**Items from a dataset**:
════════════════
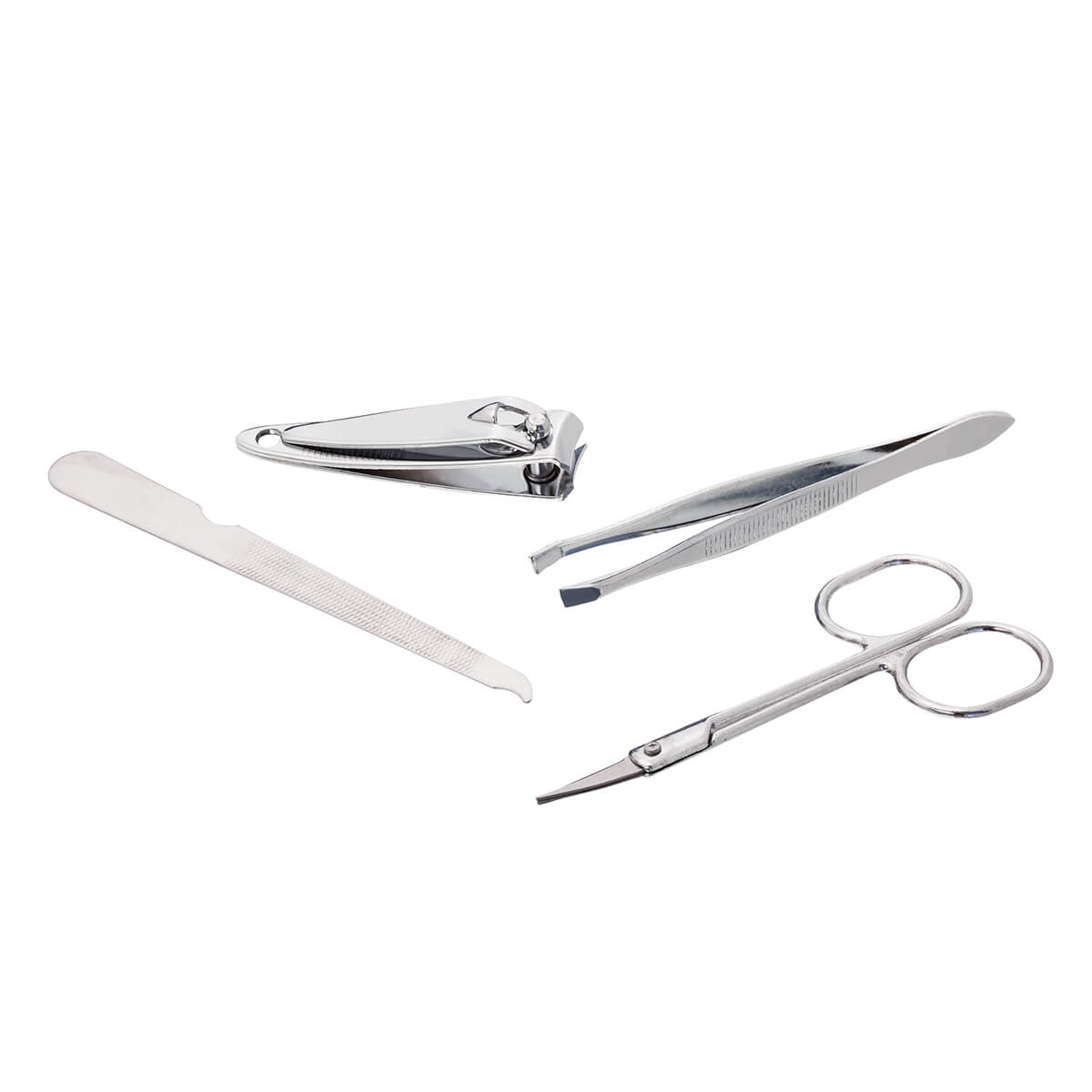 Set de manicura en estuche ovalado de metal, con 4 piezas (cortaúñas, lima de metal, pinzas para cutículas y tijeras).
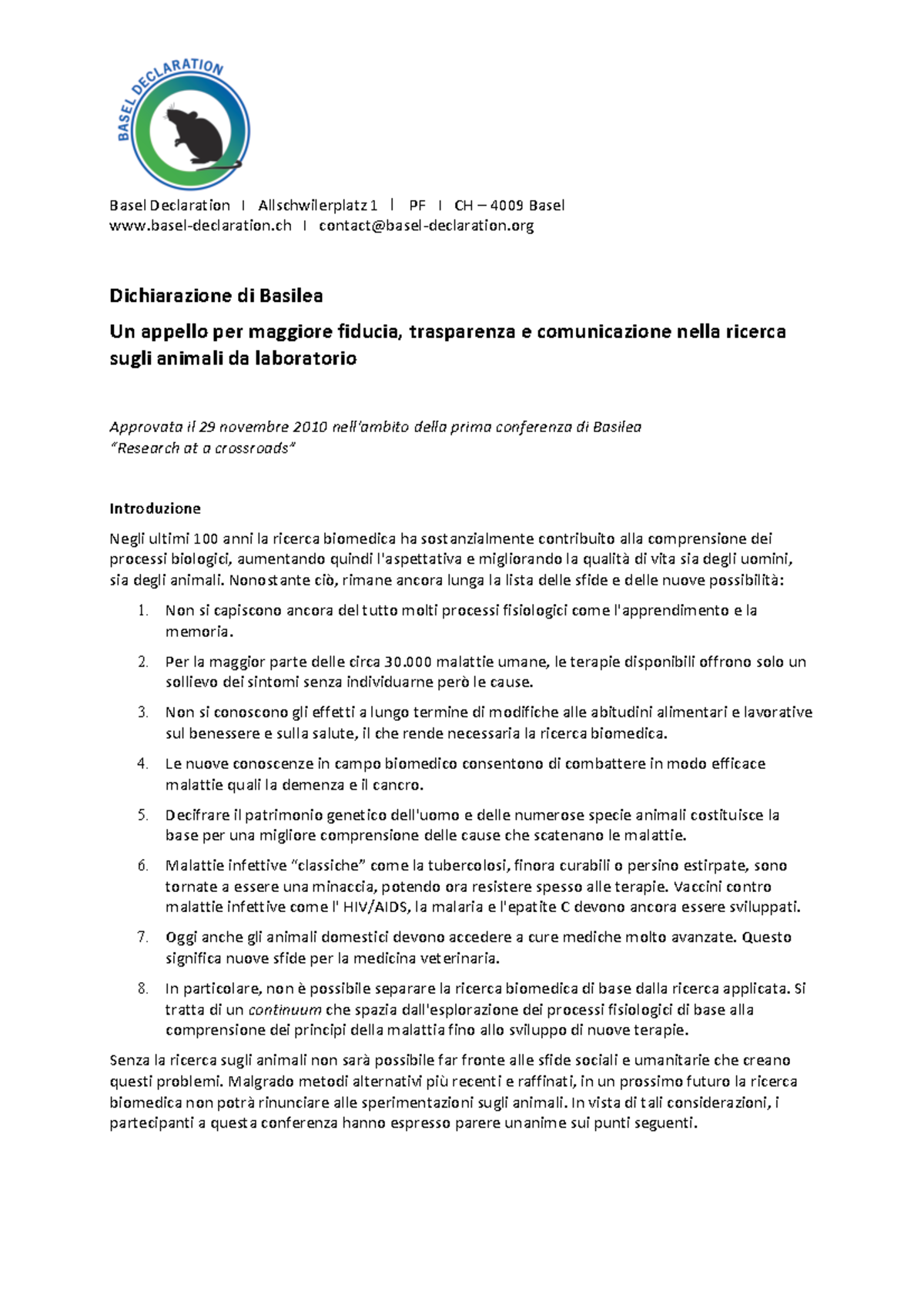 Basel declaration it - Basel Declaration I Allschwilerplatz 1 I PF I CH ...
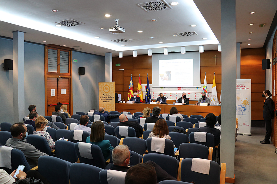 El Muy Ilustre Colegio Oficial de Farmacéuticos de Valencia ha participado en la jornada "Observatorio profesional: Los sanitarios en la crisis del Covid-19" organizada por la Asociación de Derecho Sanitario de la Comunitat Valenciana, celebrada esta mañana en el Palacio de la Colomina.
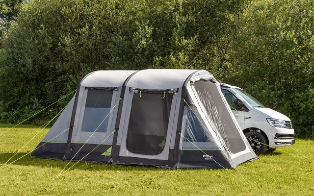 Freistehendes und aufblasbares Busvorzelt für Fahrzeuge mit Regenrinnenhöhe von 180 – 220 cm. Die Gesamthöhe beträgt 240 cm.
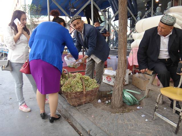 工艺店、清真寺、维吾尔人、水果摊、游客是这个老街中的永恒角色
════════════════
**Task**: Restate the lines of the records exactly, starting at the first and stopping after the line with "Basel declaration it". Leave out any picture.

**Written reply**:
 Set de manicura en estuche ovalado de metal, con 4 piezas (cortaúñas, lima de metal, pinzas para cutículas y tijeras).
 Basel declaration it - Basel Declaration I Allschwilerplatz 1 I PF I CH ...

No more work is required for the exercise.